I was kneeling on my mat in a Pilates class. ‘Now let’s move into a bird-dog rotation,’ said the teacher. I beg your pardon? I dutifully copied her, bringing one knee to the opposite elbow and out again, until...
Ouch. The strangest sensation shuddered in my lower back.
What had I done? Something definitely wasn’t right. I sat out the rest of the class and assumed I’d pulled a muscle.

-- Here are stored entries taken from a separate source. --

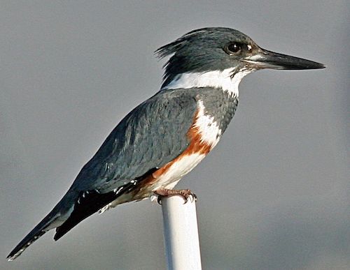 Cornell Species AccountThe Ringed Kingfisher is the largest kingfisher in the Americas. Its heavy, pale-based bill, disheveled crest, blue-gray plumage, white collar, and red belly are visible and recognizable even at a distance. -
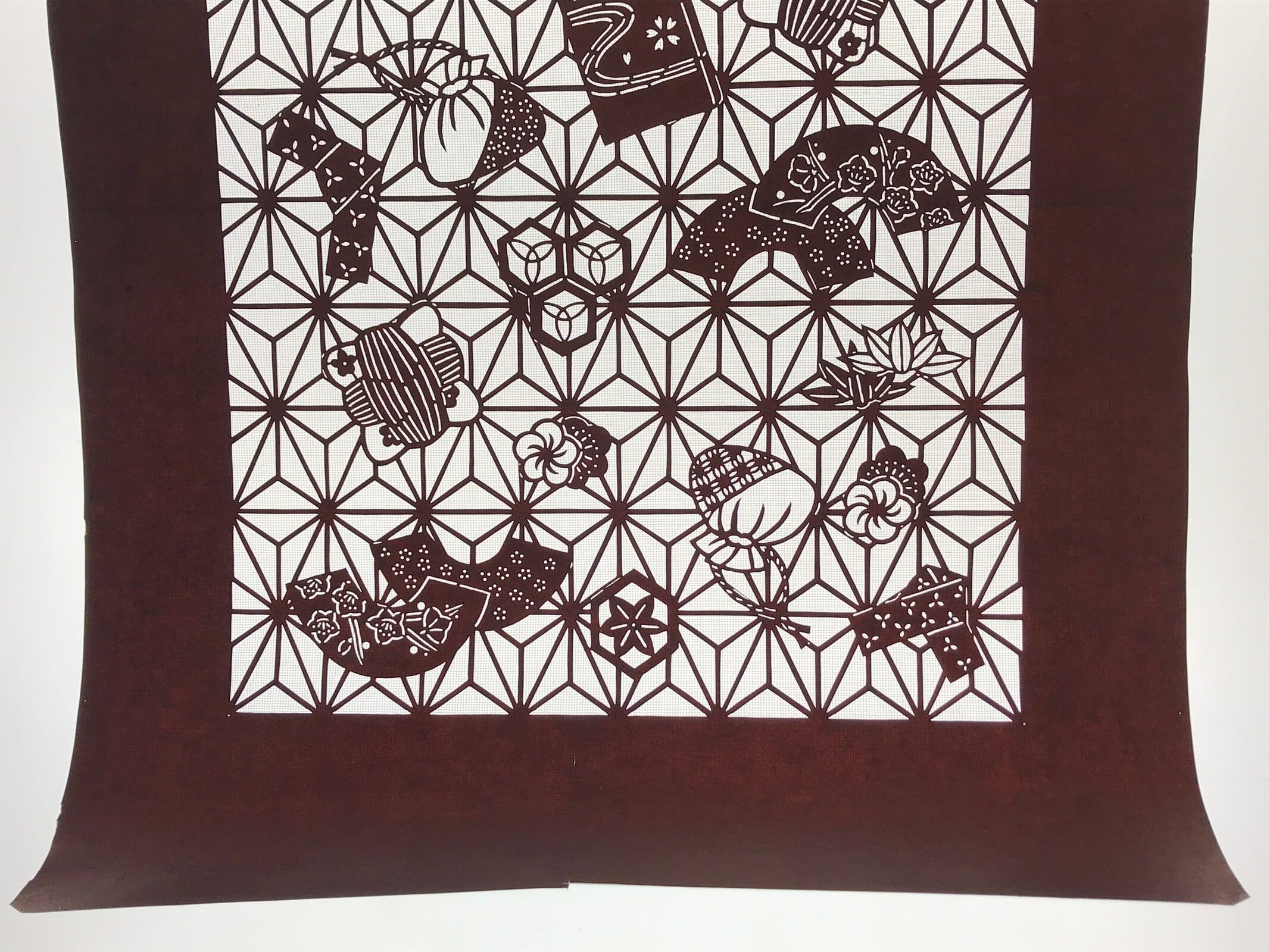 Using traditional mulberry paper, this katagami stencil with silk mesh backing is decorated with folding fans, cherry blossoms, plum blossoms, textile crafts, and a book. The background uses the traditional asanoha (hemp leaf) pattern.
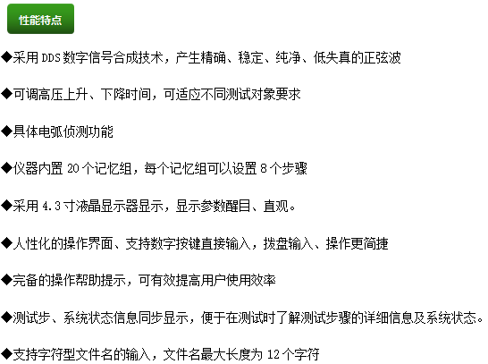耐壓測試儀,輸出電壓0.10~5.00kV(AC)/0.100~5.00kV(DC),漏電流范圍0.100~20.00mA(AC)/0.100~10.00mA(DC),測量精度±(2%+2個字)。

Little did I know this was the point at which I fractured my spine.
I was 62 at the time, and it was the start of years of agony before finally an investigation concluded I had poor bone density or, to give it its medical name, osteopenia. It is very far from usual to sustain a fracture doing Pilates, of course. But when your bones are losing density, almost anything can trigger a stress fracture. A simple twist, even a sneeze.
The fact is, I should have known that my bone health was poor, but I didn’t. In 2019 – three years before that Pilates class – I’d tripped over my trousers and face-planted into a kerb. It was a small fall, yet I fractured both arms and had to undergo extensive surgery on my right wrist. I now know these are called ‘fragility fractures’– the type that come from minor falls that shouldn’t break bones, and they’re a strong sign that bone density is compromised.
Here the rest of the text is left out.